The Battle of Linqu was a battle fought in 409 between the Southern Yan and Eastern Jin dynasties during the Sixteen Kingdoms period of Chinese history. The battle ended in a decisive victory for the Eastern Jin, who went on to besiege the Southern Yan capital and eventually fully conquer Southern Yan.

Prelude 
Conflict between the Southern Yan and Eastern Jin began in 399 when Murong De, leader of the Southern Yan, attacked and conquered the Eastern Jin Qing Province (which corresponds to modern central and eastern Shandong) following the conquest of Southern Yan’s previous territory by the Northern Wei. At the time the Jin were struggling with internal problems and rebellions and so didn’t take any military action against Southern Yan. Following Murong De’s death he was succeeded by Murong Chao, who was forced to become a vassal to the Later Qin in return for his wife and mother, who were stranded in Later Qin.

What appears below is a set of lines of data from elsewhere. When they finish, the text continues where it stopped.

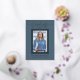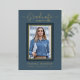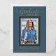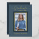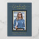 Bellamente elegantes tarjetas de invitación de graduación de 1 foto. Con texto moderno con caligrafía en su elección de Relieve metalizado oro, plata o rosa. Su foto también está muy bien bordeada en un guarnecido doble de Relieve metalizado. El diseño se complementa con un fondo en tonos azul polvoriento. La parte posterior de la tarjeta ofrece un espacio de texto de invitación personalizado para ese graduado especial. Para ver más artículos como este, visita mi tienda aquí en "www.Zazzle.com/LakeViewCardCo". ¡Gracias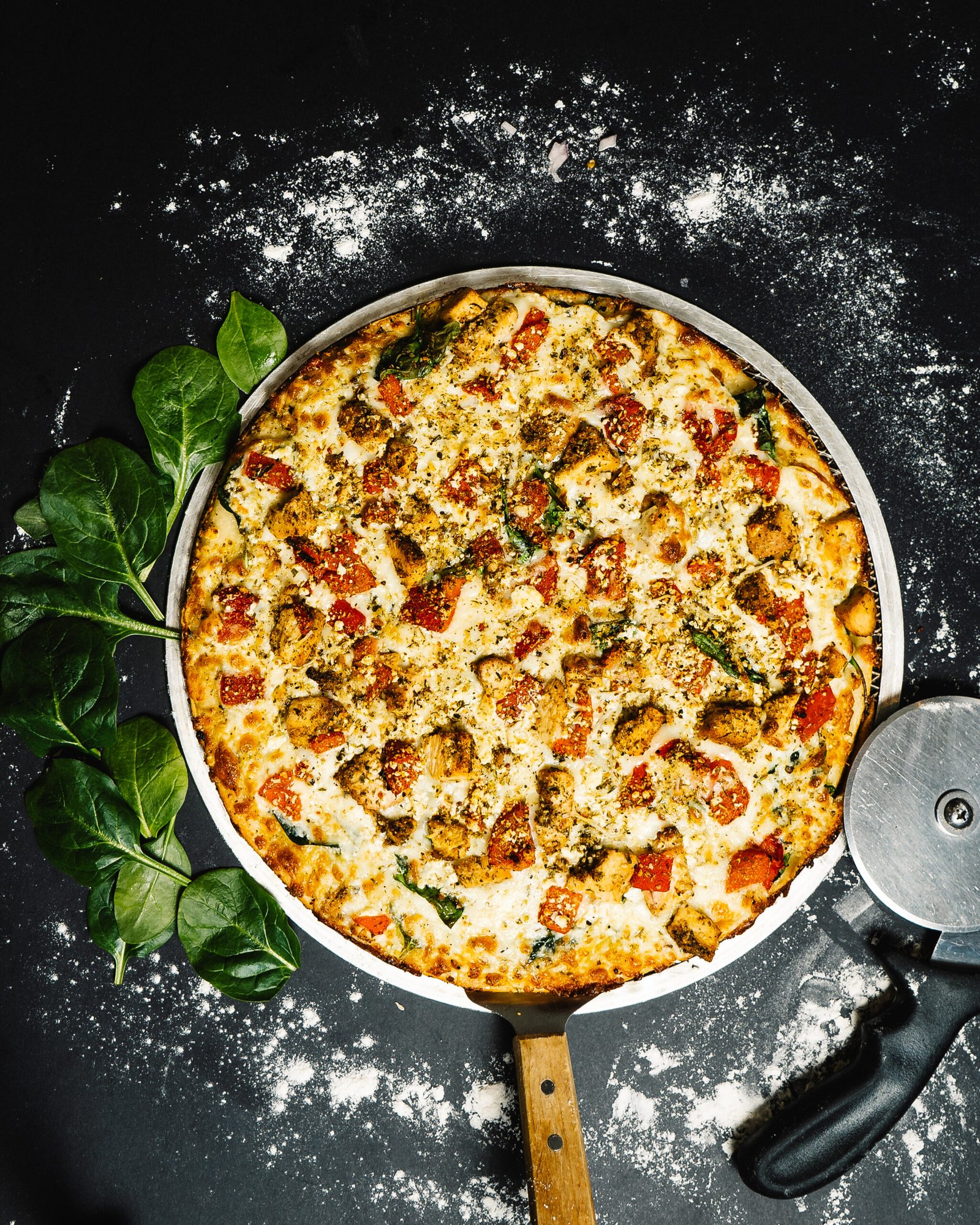 Pesto, spinach, mozzarella, chicken, roasted red peppers, feta, herbs, Parmesan & garlic.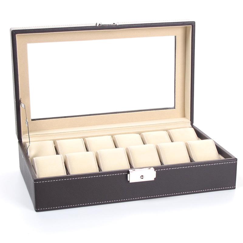 Шкатулка для нерухомого зберігання 12-ти годинників. Матеріал корпусу - PU шкіра. Колір - темно-коричневий. Інтер’єр - оксамит світлого кольору. Виробник - компанія Salvadore, Австрія. Розміри: 32,8х19,5х8,5 см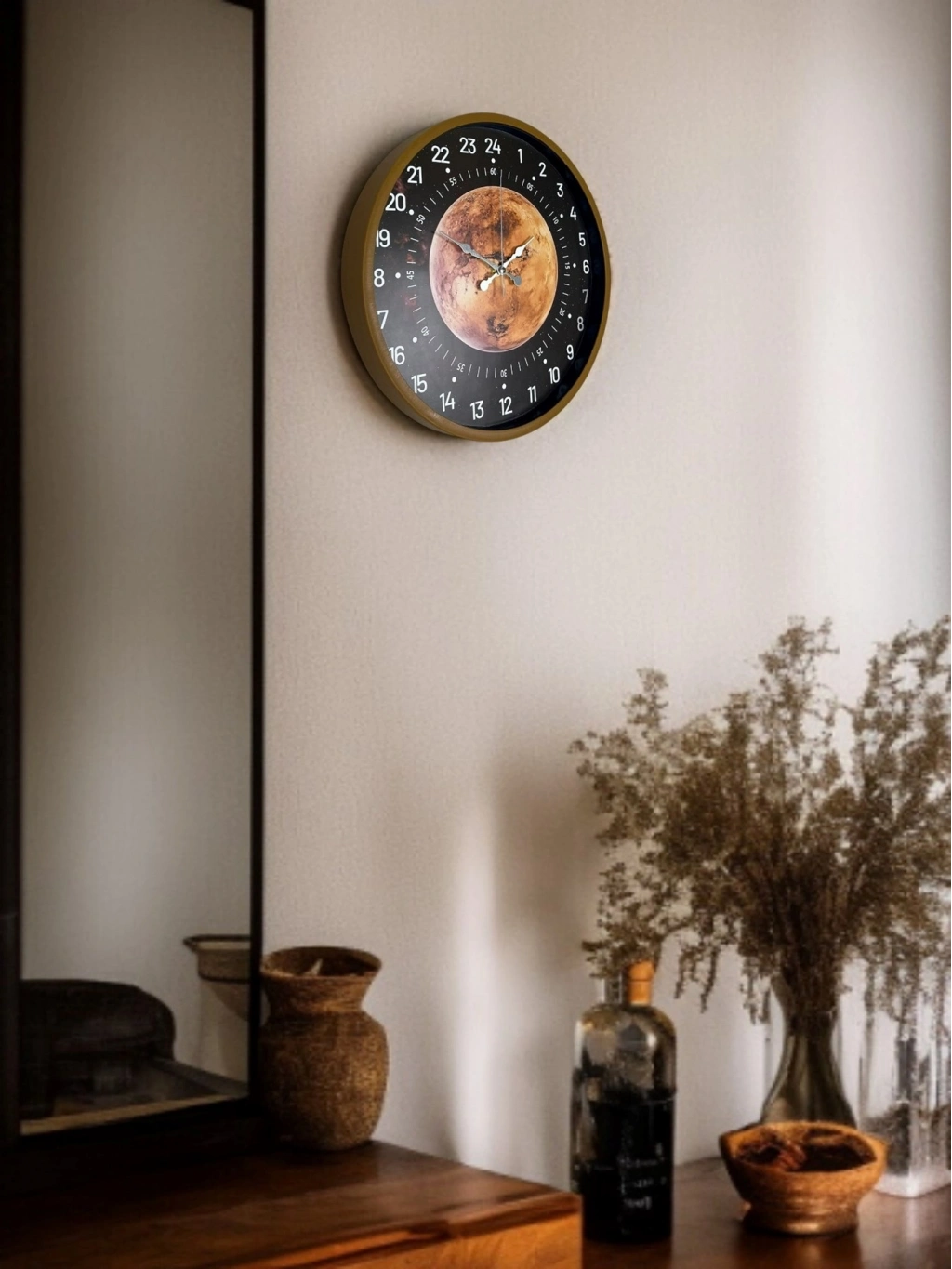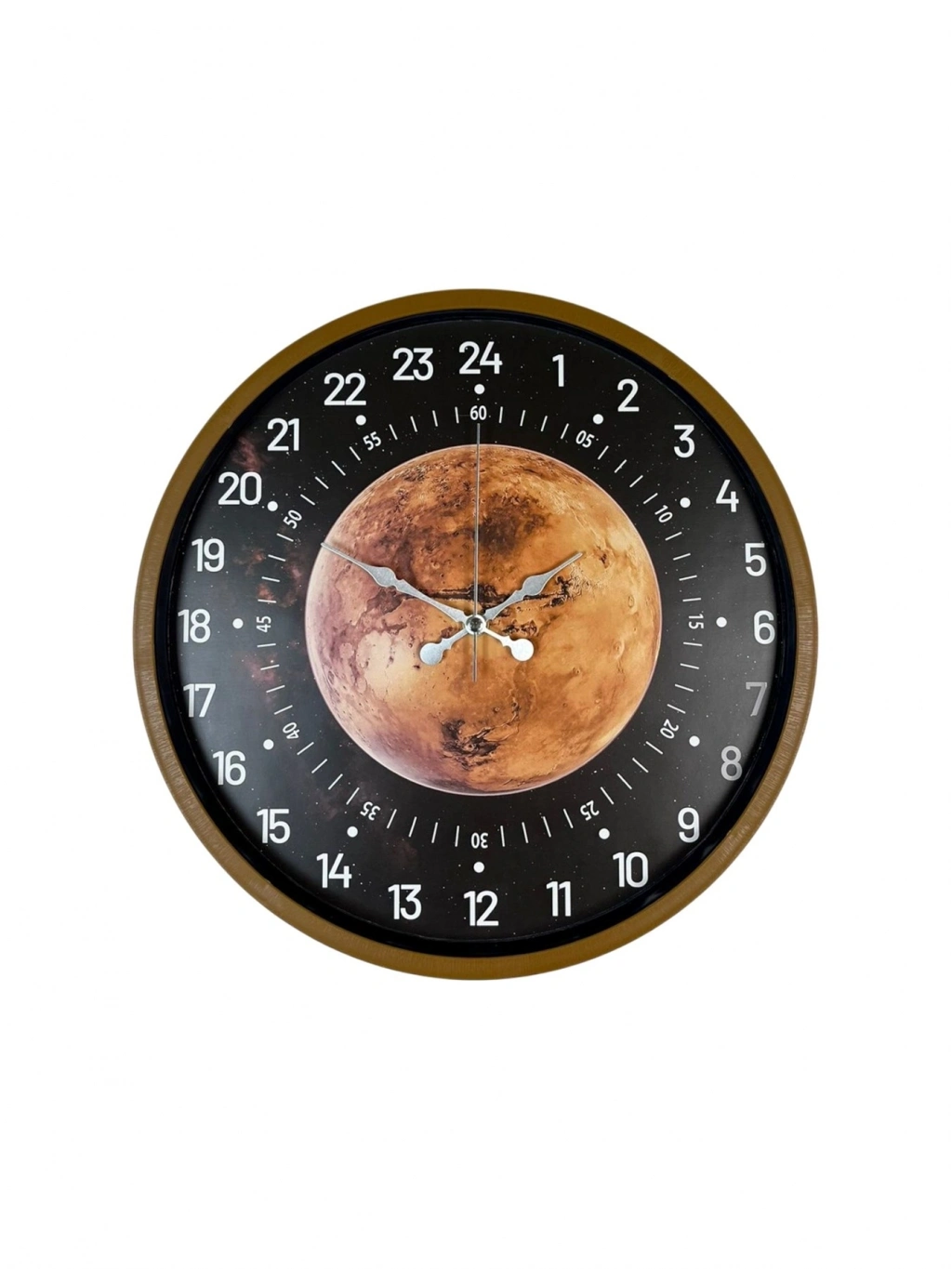 Klasik duvar saatlerinden farklı olarak 24 saatlik zaman dilimiyle çalışan özel kadran tasarımına sahip olan bu 36 cm duvar saati, zamanı alışılmışın dışında ve daha detaylı bir şekilde takip etmenizi sağlar. Kahverengi çerçevesi, koyu zemin üzerindeki gezegen temalı tasarımı ve net beyaz rakamlarıyla dikkat çeken bu model; hem dekoratif hem de fonksiyonel bir üründür.

Another clause in this agreement was that Murong Chao was forced to give his court musicians to Later Qin and so in 409 Murong Chao decided to raid Jin territory and capture people to be trained as new musicians. This raid was very successful and so Murong Chao would later launch numerous further raids into Jin territory as well. However Jin was in a better state than it had been in 399 and the Jin regent Liu Yu decided to launch an invasion of Southern Yan. Upon hearing of the planned invasion, the main Southern Yan generals proposed that their army defend Daxian Mountain (next to modern Weifang) however Murong Chao rejected this idea, wanting to engage his enemy in the plains as he had the superior cavalry. Liu Yu entered Shandong and met the Southern Yan army outside the city of Linqu.

Battle 
Liu Yu knew that the main advantage Southern Yan had was their much superior cavalry and so to counter this he formed his chariots into two walls on either side of his army and stationed some of his men to defend them. When the Southern Yan cavalry charged they were unable to break through the chariots, meanwhile the infantry of both sides were equal and so the battle developed into a stalemate. Liu Yu decided to send some of his men on a large flanking manoeuvre which appeared on another side of Linqu’s walls and attempted to enter the city. The Southern Yan however believed that this was a whole new army and began to panic and soon the army broke and fled, ending the battle.

Aftermath 
Liu Yu would go on to besiege Guanggu, the capital of Southern Yan, which would fall in early 410. Murong Chao as well as many other Southern Yan nobles were captured and executed and Southern Yan was completely annexed by Jin. Liu Yu would go on to overthrow the Jin and found the short lived Liu Song state.